To maximise the benefits obtainable from exercise-based cardiac rehabilitation, an evaluation of physical fitness through exercise testing prior to starting the exercise programme is strongly recommended.4,14 A cardiopulmonary exercise test has been proposed as the gold standard to provide the most accurate quantification of maximal aerobic capacity and subject effort, as well as risk stratification and control for physiological responses in the individual patient. This test is usually a continuous load increment exercise test on a bicycle ergometer or a treadmill.14–17 Although maximal testing provides the most accurate determination of aerobic capacity, submaximal (symptom-limited) testing does not require expensive, specialised equipment or electronically braked cycle ergometers and can therefore be performed in large clinical settings. 16 Several protocols from bicycle ergometer tests with various principles for load increments are being used in clinical practice. 14 Research studies often adhere to strict protocols, but, in clinical practice, protocols are often not standardised. 18 Since assessments of aerobic physical capacity and haemodynamic parameters are influenced by the type of protocol, a reliable protocol that is easily applicable in clinical practice appears desirable and would enhance the comparison of results from different centres. The symptom-limited bicycle ergometer test, according to the World Health Organization (WHO) protocol using stepwise load increments, has been used in clinical exercise-based cardiac rehabilitation settings. 19 According to a WHO report, experts suggested that the exercise test best suited to universal use was exercise on an upright bicycle ergometer, performed at continuous series of increasing workloads with an almost steady state at each level. 19 Even though this protocol has been recommended and is being used in exercise-based cardiac rehabilitation settings, it has previously not been evaluated in terms of reliability in patients with ACS.
When it comes to measuring muscle endurance, there is no gold standard. In research, the isokinetic technique, when muscle force and power are measured with regard to both the force and the velocity of limb movements, is most commonly used. 20 This is, however, expensive and requires advanced technology. There is therefore a need for clinically useful, reliable tests designed to evaluate muscle endurance in patients with ACS that are easy to perform.
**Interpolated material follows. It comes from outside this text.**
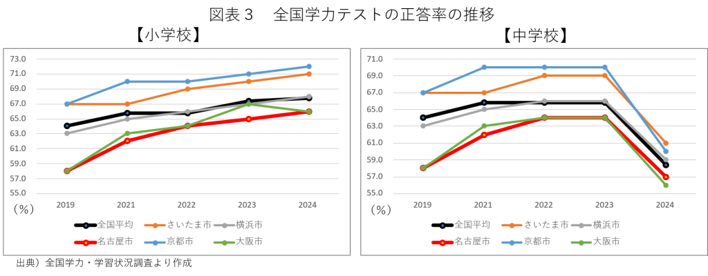 図表3は、R6(2024)年度までの過去5か年の正答率(全科目)の推移を主要な政令市についてまとめたものだ(vol.222より再掲)。驚く事に、名古屋市は小学校、中学校共に全期間で全国平均を下回るとともに、全政令市の中で最下位を大阪市と争っている。逆に、京都市とさいたま市が常にトップを争っており、順位の傾向が固定化しているように映る。「いくら何でも最下位とは」と衝撃を禁じ得ない。
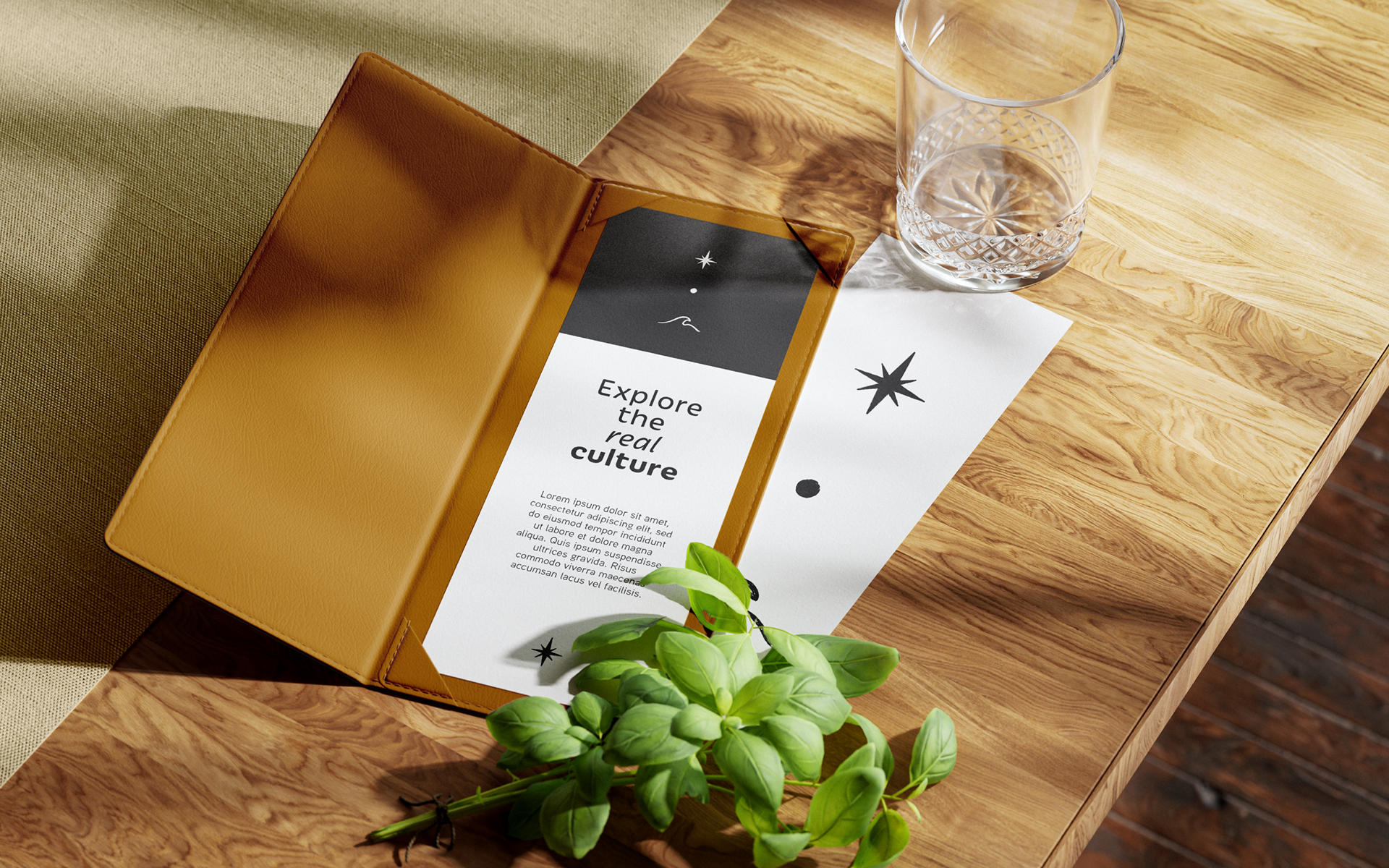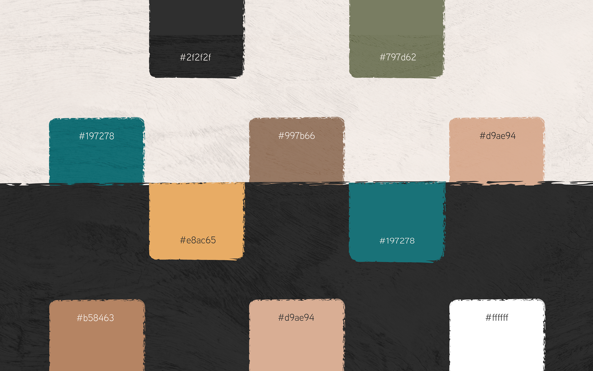 Selected calm editorial type and a palette rooted in earth tones.

Two muscle endurance tests, the dynamic unilateral heel lift and unilateral shoulder flexion, have been used in exercise-based cardiac rehabilitation settings and in research and have been found to be reliable for patients with heart failure and for healthy persons. 21
The large Swedish quality register SWEDEHEART provides continuous information on patient care needs, treatments and treatment outcomes. 22 The aim of SWEDEHEART is also to register changes in the quality of care over time, to contribute decision support and to support continuous improvement efforts. Information is collected from almost all hospitals in Sweden and the work of SWEDEHEART therefore represents an important foundation for research on ACS and has resulted in a number of publications in the most highly ranked medical journals. Its results have consequently influenced the care of cardiac disease throughout the world. Objective tests of physical fitness to evaluate the effects of exercise-based cardiac rehabilitation have been lacking in the register. In 2016, the symptom-limited bicycle ergometer test according to the WHO protocol19,23 and the dynamic unilateral heel-lift and unilateral shoulder-flexion tests 21 were implemented in the Secondary Prevention after Heart Intensive Care Admission (SEPHIA), which is a part of the SWEDEHEART register. 22 This makes the future evaluation of treatment effects in a large unselected clinical population of ACS possible.
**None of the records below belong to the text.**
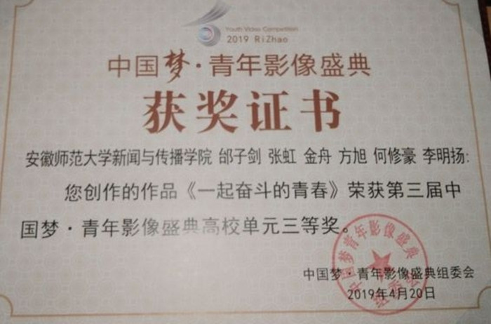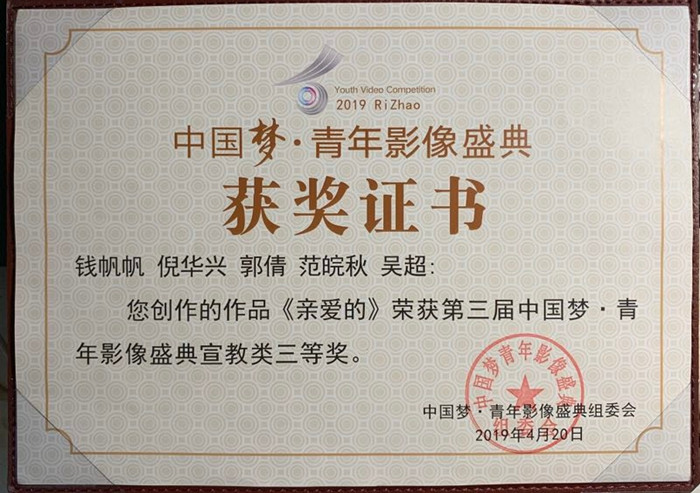 2019年4月20日,第三届中国梦·青年节影像盛典颁奖典礼在日照广播电视台展博厅举行,本次影像盛典由中国文化信息协会国际影视文化交流专业委员会、中国社会科公司新闻与传播研究所世界传媒研究中心、中国高等院校影视学会、中共日照市委、日照市人民政府联合主办,共青团日照市委、日照市土地发展集团、日照电视台承办。
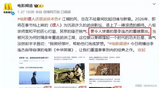 并且还有媒体特地提到了李连杰,表示对于他本次的复出很惊喜,
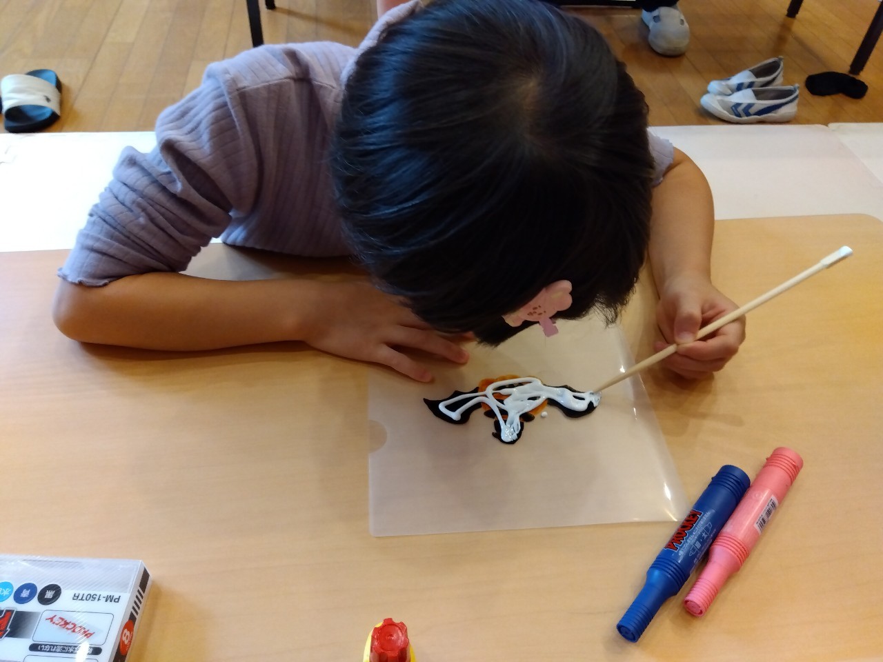 最後に、ボンドを塗る作業になると、ボンドの厚さを考えながら割り箸で伸ばすのは少しだけ苦戦していたように見えました💦

The test–retest reliability of these clinical tests of physical fitness has, however, not been examined in patients with ACS. As we believe that these tests will be widely used in future research and quality of care, it is most important to ensure stability over time and responsiveness to change in order to ensure that the data provided are an accurate representation of differences in patients’ actual performance.
The aim of this study was therefore to assess the test–retest reliability and responsiveness in terms of the smallest detectable change in the symptom-limited bicycle ergometer test according to the WHO protocol and the dynamic unilateral heel-lift and unilateral shoulder-flexion tests in patients with ACS.
Methods
Design
Longitudinal study design.
Study population
Patients with ACS from the coronary care unit at Örebro University Hospital (USÖ) were included in the study between September 2016 and April 2017. The inclusion criteria were current hospitalisation due to ACS, age < 75 years (according to SEPHIA) and living in the geographical area belonging to the USÖ. The exclusion criteria were coronary artery bypass grafting, severe physical or mental illness preventing performance of the tests and difficulties understanding spoken and written Swedish. In all, 97 patients were consecutively assessed for eligibility. Among these, 47 patients were included. Reasons for exclusion were not meeting inclusion criteria (n=22), declined to participate (n=18), other reasons (n=11). Among the 18 patients declining to participate the three main reasons were: long distance to hospital, lack of time and that they did not want to participate in a research study. Seven patients were lost to retest, leaving 40 patients with complete test–retest data for the analysis (see Figure 1). Informed, written consent was obtained from all patients prior to entering the study. The study protocol has been approved by the Regional Ethical Review Board at the University of Uppsala, Dnr 2016/168. The investigation conforms with the principles outlined in the Declaration of Helsinki (Br Med J 1964; ii: 177).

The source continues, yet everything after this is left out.